• **Exercise objective**: Exact copies of all the lines below are required, with the pictures omitted.

• **Provided information**:
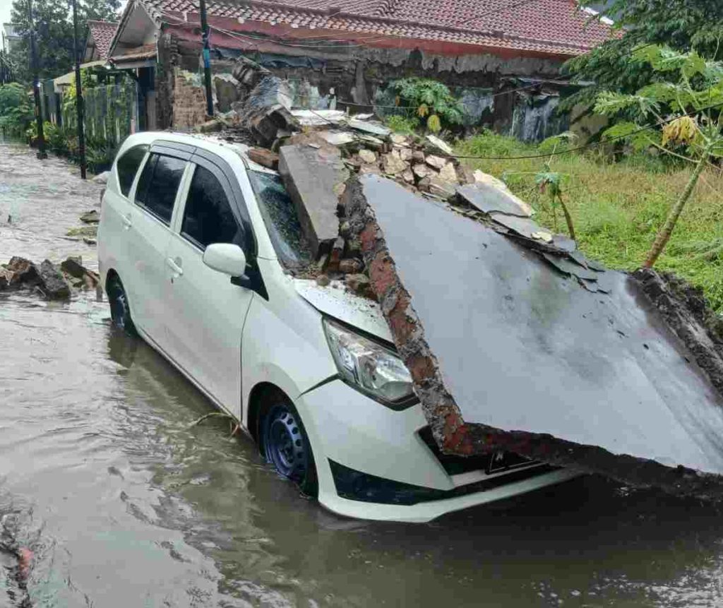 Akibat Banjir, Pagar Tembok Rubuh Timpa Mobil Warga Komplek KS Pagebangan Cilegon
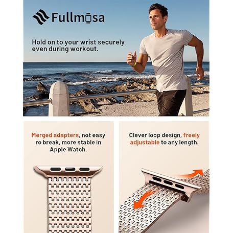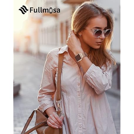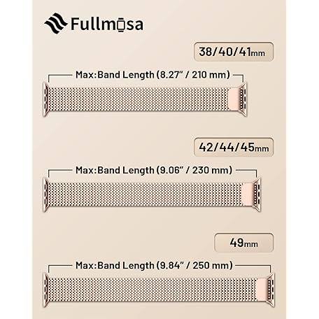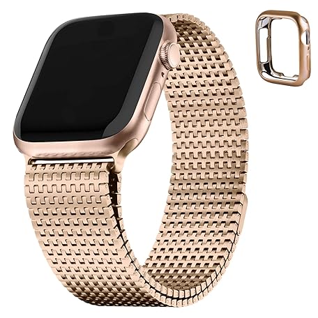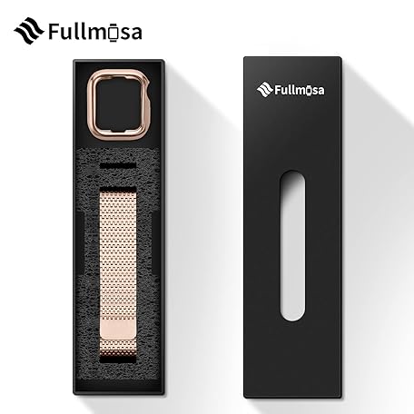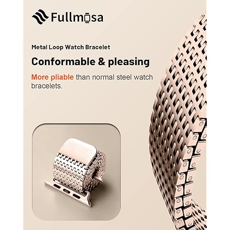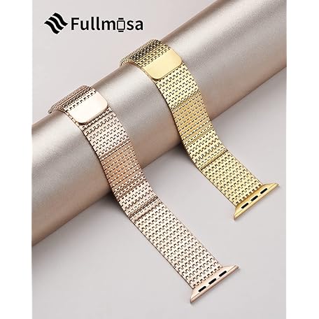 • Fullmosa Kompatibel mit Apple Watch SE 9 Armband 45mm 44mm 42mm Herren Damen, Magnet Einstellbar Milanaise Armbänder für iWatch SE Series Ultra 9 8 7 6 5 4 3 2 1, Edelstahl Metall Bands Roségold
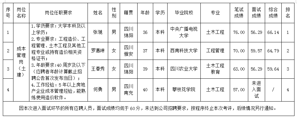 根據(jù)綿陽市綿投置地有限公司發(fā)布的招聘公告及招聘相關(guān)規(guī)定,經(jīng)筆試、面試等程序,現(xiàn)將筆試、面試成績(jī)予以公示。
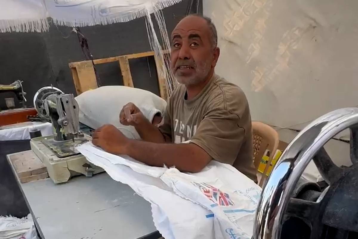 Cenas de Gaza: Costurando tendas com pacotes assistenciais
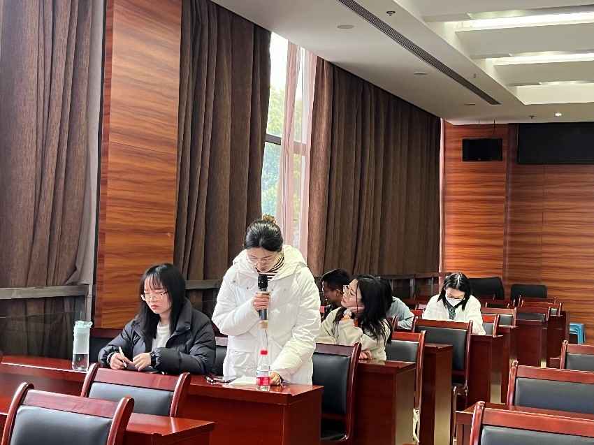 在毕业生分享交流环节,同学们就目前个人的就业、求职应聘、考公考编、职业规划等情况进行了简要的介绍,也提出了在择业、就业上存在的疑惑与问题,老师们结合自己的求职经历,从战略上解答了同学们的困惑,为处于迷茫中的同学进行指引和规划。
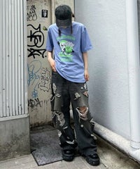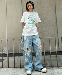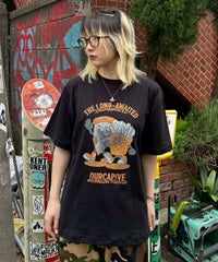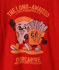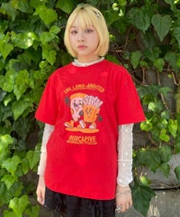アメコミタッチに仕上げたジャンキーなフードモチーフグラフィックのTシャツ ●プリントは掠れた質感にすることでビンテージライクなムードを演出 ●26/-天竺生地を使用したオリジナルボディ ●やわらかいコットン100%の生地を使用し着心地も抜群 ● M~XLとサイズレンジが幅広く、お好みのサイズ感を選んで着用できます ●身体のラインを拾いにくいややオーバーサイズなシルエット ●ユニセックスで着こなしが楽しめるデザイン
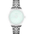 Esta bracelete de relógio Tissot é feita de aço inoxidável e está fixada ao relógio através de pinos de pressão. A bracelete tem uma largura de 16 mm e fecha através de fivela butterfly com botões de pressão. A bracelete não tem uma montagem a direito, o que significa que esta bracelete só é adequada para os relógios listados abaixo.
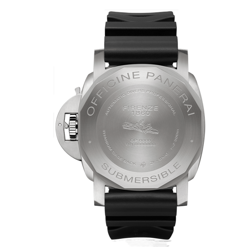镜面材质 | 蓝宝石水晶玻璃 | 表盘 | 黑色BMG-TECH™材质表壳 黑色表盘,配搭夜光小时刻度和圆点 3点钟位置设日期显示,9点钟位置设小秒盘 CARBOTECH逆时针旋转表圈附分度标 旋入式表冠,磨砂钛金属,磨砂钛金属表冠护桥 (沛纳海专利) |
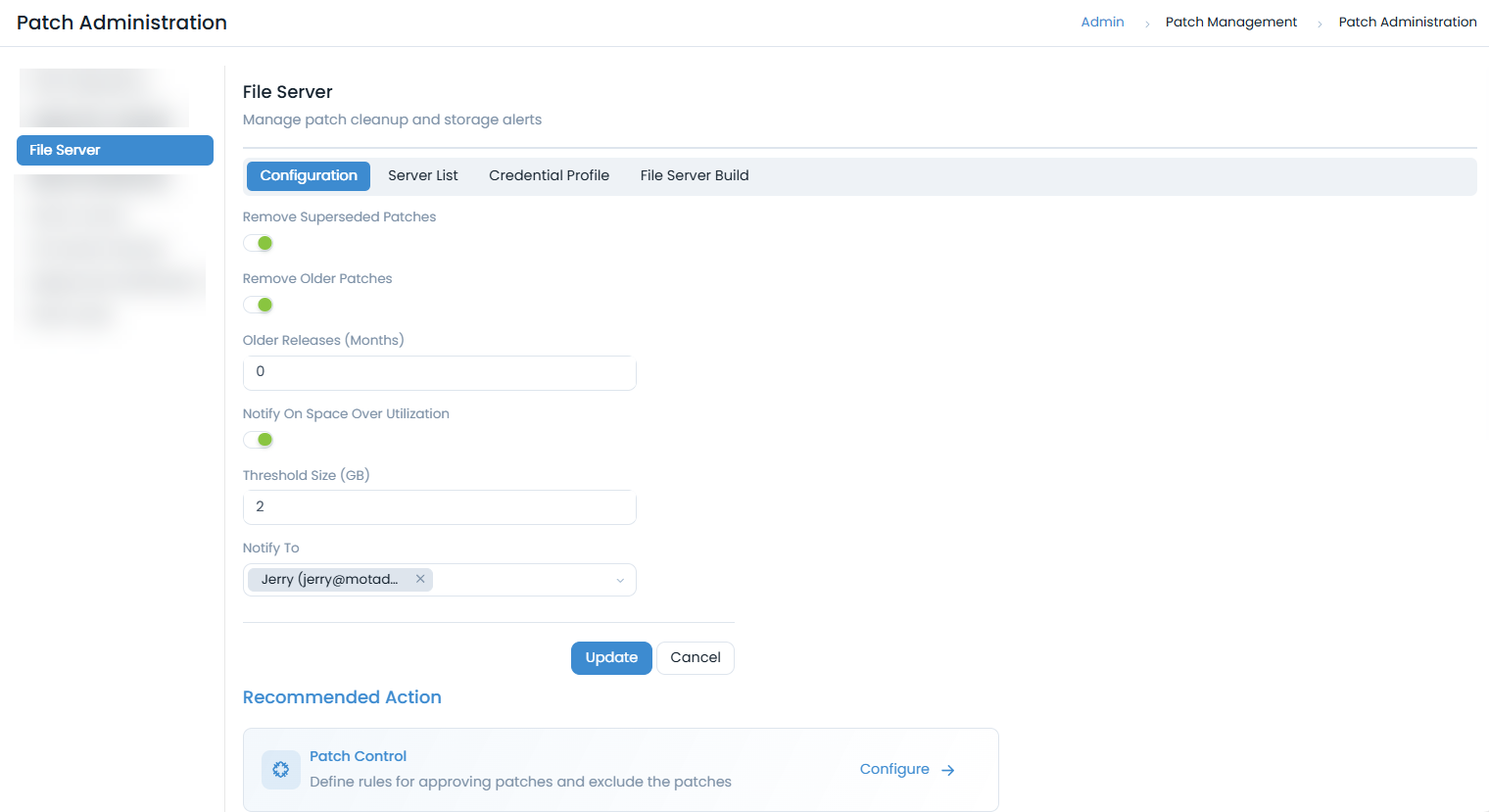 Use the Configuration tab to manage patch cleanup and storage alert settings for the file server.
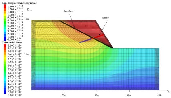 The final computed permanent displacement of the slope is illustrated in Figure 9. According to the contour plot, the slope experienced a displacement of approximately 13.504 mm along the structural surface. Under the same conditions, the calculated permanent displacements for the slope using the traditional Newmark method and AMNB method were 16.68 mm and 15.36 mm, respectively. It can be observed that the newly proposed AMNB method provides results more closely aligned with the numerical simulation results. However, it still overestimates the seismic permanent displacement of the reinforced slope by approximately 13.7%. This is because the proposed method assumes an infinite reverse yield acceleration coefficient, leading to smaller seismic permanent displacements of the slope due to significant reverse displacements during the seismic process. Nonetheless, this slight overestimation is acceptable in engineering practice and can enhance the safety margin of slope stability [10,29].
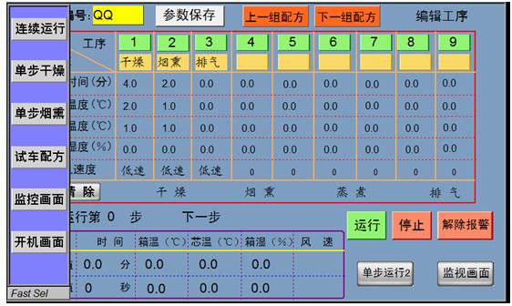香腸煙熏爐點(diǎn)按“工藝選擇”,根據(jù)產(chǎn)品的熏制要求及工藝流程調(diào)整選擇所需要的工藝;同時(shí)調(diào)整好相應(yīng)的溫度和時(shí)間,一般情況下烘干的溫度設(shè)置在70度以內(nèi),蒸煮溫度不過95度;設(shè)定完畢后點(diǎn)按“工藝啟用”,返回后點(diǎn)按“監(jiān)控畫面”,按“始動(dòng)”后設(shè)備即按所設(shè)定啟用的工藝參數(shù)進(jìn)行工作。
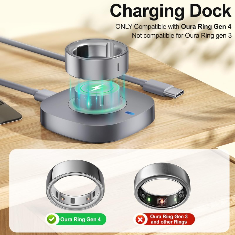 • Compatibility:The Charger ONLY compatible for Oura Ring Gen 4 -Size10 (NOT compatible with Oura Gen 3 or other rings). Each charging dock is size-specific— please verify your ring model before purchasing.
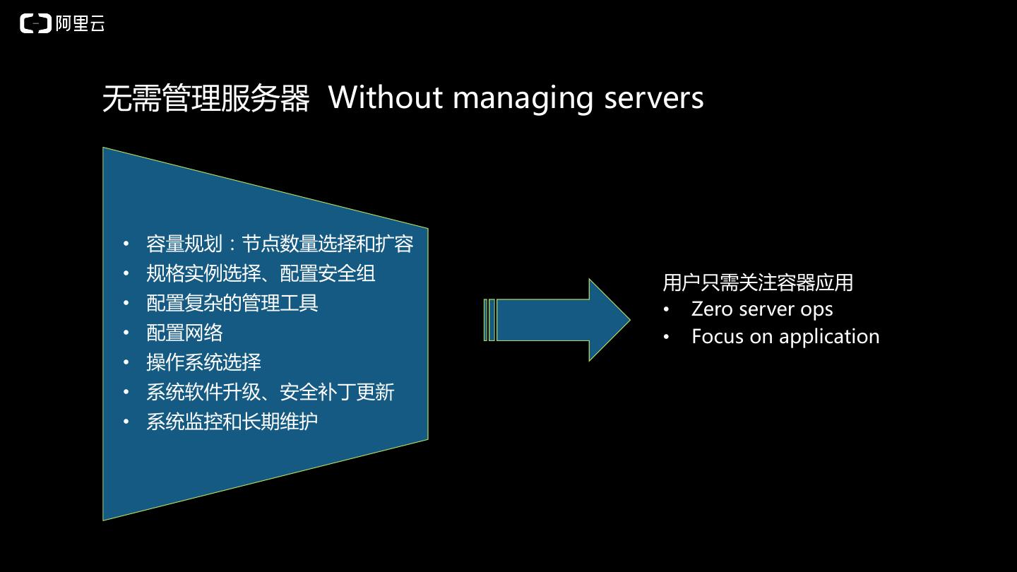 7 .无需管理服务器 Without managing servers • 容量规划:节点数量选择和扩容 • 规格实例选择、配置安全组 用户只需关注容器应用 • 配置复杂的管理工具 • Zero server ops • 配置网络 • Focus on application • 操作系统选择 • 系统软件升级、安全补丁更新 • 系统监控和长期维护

• **Exercise output**:
 Akibat Banjir, Pagar Tembok Rubuh Timpa Mobil Warga Komplek KS Pagebangan Cilegon
 • Fullmosa Kompatibel mit Apple Watch SE 9 Armband 45mm 44mm 42mm Herren Damen, Magnet Einstellbar Milanaise Armbänder für iWatch SE Series Ultra 9 8 7 6 5 4 3 2 1, Edelstahl Metall Bands Roségold
 根據(jù)綿陽市綿投置地有限公司發(fā)布的招聘公告及招聘相關(guān)規(guī)定,經(jīng)筆試、面試等程序,現(xiàn)將筆試、面試成績(jī)予以公示。
 Cenas de Gaza: Costurando tendas com pacotes assistenciais
 在毕业生分享交流环节,同学们就目前个人的就业、求职应聘、考公考编、职业规划等情况进行了简要的介绍,也提出了在择业、就业上存在的疑惑与问题,老师们结合自己的求职经历,从战略上解答了同学们的困惑,为处于迷茫中的同学进行指引和规划。
アメコミタッチに仕上げたジャンキーなフードモチーフグラフィックのTシャツ ●プリントは掠れた質感にすることでビンテージライクなムードを演出 ●26/-天竺生地を使用したオリジナルボディ ●やわらかいコットン100%の生地を使用し着心地も抜群 ● M~XLとサイズレンジが幅広く、お好みのサイズ感を選んで着用できます ●身体のラインを拾いにくいややオーバーサイズなシルエット ●ユニセックスで着こなしが楽しめるデザイン
 Esta bracelete de relógio Tissot é feita de aço inoxidável e está fixada ao relógio através de pinos de pressão. A bracelete tem uma largura de 16 mm e fecha através de fivela butterfly com botões de pressão. A bracelete não tem uma montagem a direito, o que significa que esta bracelete só é adequada para os relógios listados abaixo.
镜面材质 | 蓝宝石水晶玻璃 | 表盘 | 黑色BMG-TECH™材质表壳 黑色表盘,配搭夜光小时刻度和圆点 3点钟位置设日期显示,9点钟位置设小秒盘 CARBOTECH逆时针旋转表圈附分度标 旋入式表冠,磨砂钛金属,磨砂钛金属表冠护桥 (沛纳海专利) |
 Use the Configuration tab to manage patch cleanup and storage alert settings for the file server.
 The final computed permanent displacement of the slope is illustrated in Figure 9. According to the contour plot, the slope experienced a displacement of approximately 13.504 mm along the structural surface. Under the same conditions, the calculated permanent displacements for the slope using the traditional Newmark method and AMNB method were 16.68 mm and 15.36 mm, respectively. It can be observed that the newly proposed AMNB method provides results more closely aligned with the numerical simulation results. However, it still overestimates the seismic permanent displacement of the reinforced slope by approximately 13.7%. This is because the proposed method assumes an infinite reverse yield acceleration coefficient, leading to smaller seismic permanent displacements of the slope due to significant reverse displacements during the seismic process. Nonetheless, this slight overestimation is acceptable in engineering practice and can enhance the safety margin of slope stability [10,29].
香腸煙熏爐點(diǎn)按“工藝選擇”,根據(jù)產(chǎn)品的熏制要求及工藝流程調(diào)整選擇所需要的工藝;同時(shí)調(diào)整好相應(yīng)的溫度和時(shí)間,一般情況下烘干的溫度設(shè)置在70度以內(nèi),蒸煮溫度不過95度;設(shè)定完畢后點(diǎn)按“工藝啟用”,返回后點(diǎn)按“監(jiān)控畫面”,按“始動(dòng)”后設(shè)備即按所設(shè)定啟用的工藝參數(shù)進(jìn)行工作。
 • Compatibility:The Charger ONLY compatible for Oura Ring Gen 4 -Size10 (NOT compatible with Oura Gen 3 or other rings). Each charging dock is size-specific— please verify your ring model before purchasing.
 7 .无需管理服务器 Without managing servers • 容量规划:节点数量选择和扩容 • 规格实例选择、配置安全组 用户只需关注容器应用 • 配置复杂的管理工具 • Zero server ops • 配置网络 • Focus on application • 操作系统选择 • 系统软件升级、安全补丁更新 • 系统监控和长期维护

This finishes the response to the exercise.